# Bulgarian meaning for this sentence:



## Oneqtbebe

My friend posted a link with a music video. But I have no idea what he wrote, please help: bate taia det pee v taia pesen ia ogledai kato i doide snimkata s blizalkata, samo za tebe!


Thank you.


----------



## Oneqtbebe

Also, I would like to learn a few phrases:
 
1) Thank you for your generosity. 
 
2) Stop joking, that's not funny.
 
3) Listen to your mother.
 
4) You're the best. 
 
I am also new on here as well, are we allow to ask profanity or sexual phrases? I'm recently dating a Bulgarian guy and want to text/email him a few phrases that would make him fall out of his chair.


----------



## Orlin

Oneqtbebe said:


> My friend posted a link with a music video. But I have no idea what he wrote, please help: bate taia det pee v taia pesen ia ogledai kato i doide snimkata s blizalkata, samo za tebe!
> 
> 
> Thank you.


Welcome to WRF!
This sentence means "Brother (elder), look at this one (female) that sings this song when the photo with the candy for licking comes, only for you!" It is highly informal, there can also be some slang meanings that I'm not acquainted with. Bulgarian is normally written with the Cyrillic alphabet and the Roman alphabet (as here) is used only informally in SMS and e-mails.
For the other questions, please open new threads. The fundamental principle in this forum is "one topic per thread".


----------



## mugibil

> bate taia det pee v taia pesen ia ogledai kato i doide snimkata s blizalkata, samo za tebe


Very funny. I think the English equivalent would read something like: "dude check out teh chick that's singing this song when her photo with teh lollipop cumz! she's just for you man!!!"


----------



## Oneqtbebe

Thank you for the translation.. LOL. Oh my goodness. Why would he call me dude? :| Is it suppose to be Bulgarian humor? 

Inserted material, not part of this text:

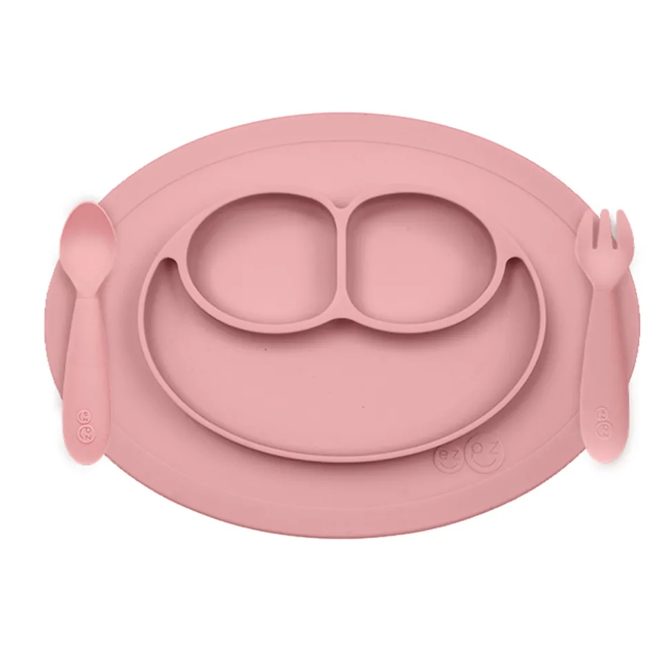 EZPZ Mini Foods Sæt, hjælper barnet med at spise selv. Ruminddelt tallerken med dækkeserviet, som beskytter bordet og samtidig suger sig helt fast til plan overflade, så tallerken ikke kan tippes eller væltes. Med Mini Feeding Sæt (Mini Mat, Mini Spoon og Mini Fork) giver EZPZ alle de udviklingsværktøjer, der er brug for, til uafhængig måltider for barnet. Kompatibel med minimåttelåget.

Another question I'm curious is I see people using the number 4 in their sentences, for example: dai marteni4ka na momi4eto dneska!

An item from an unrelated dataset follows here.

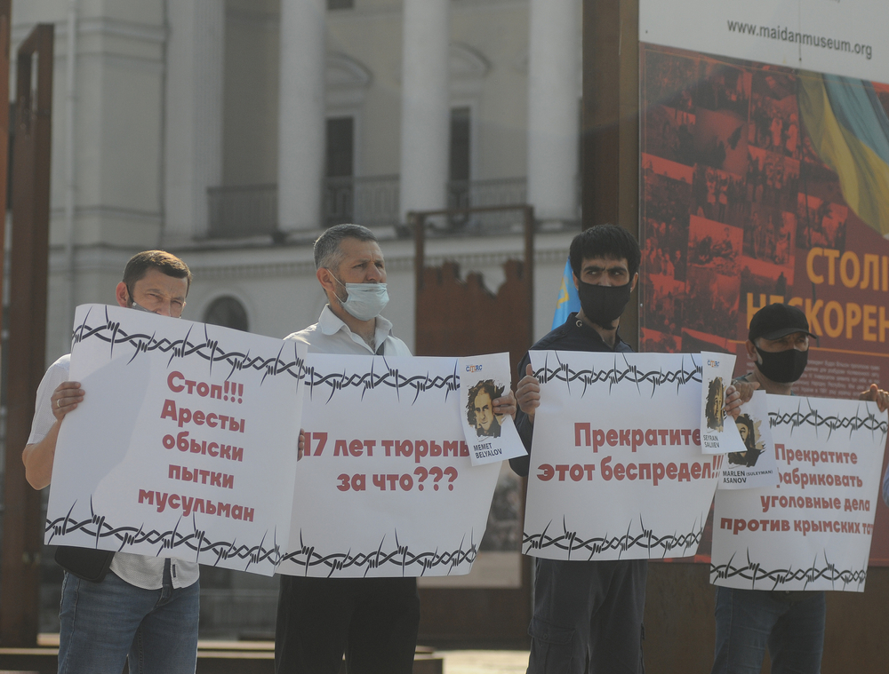 "Stop arrests, searches, tortures": Participants of the action to support political prisoners of the Bakhchisarai case "Hizb ut-Tahrir". Shuttherstock.com

What does the number 4 stand for?


----------



## DenisBiH

Oneqtbebe said:


> Another question I'm curious is I see people using the number 4 in their sentences, for example: dai marteni4ka na momi4eto dneska!
> 
> What does the number 4 stand for?




I'm just guessing here, but I'd say it stands for the sound similar to English ch as in chair. The cyrillic for this is ч / Ч - it looks somewhat similar to number 4.


----------



## Awwal12

> I'm just guessing here, but I'd say it stands for the sound similar to English ch as in chair. The cyrillic for this is ч / Ч - it looks somewhat similar to number 4.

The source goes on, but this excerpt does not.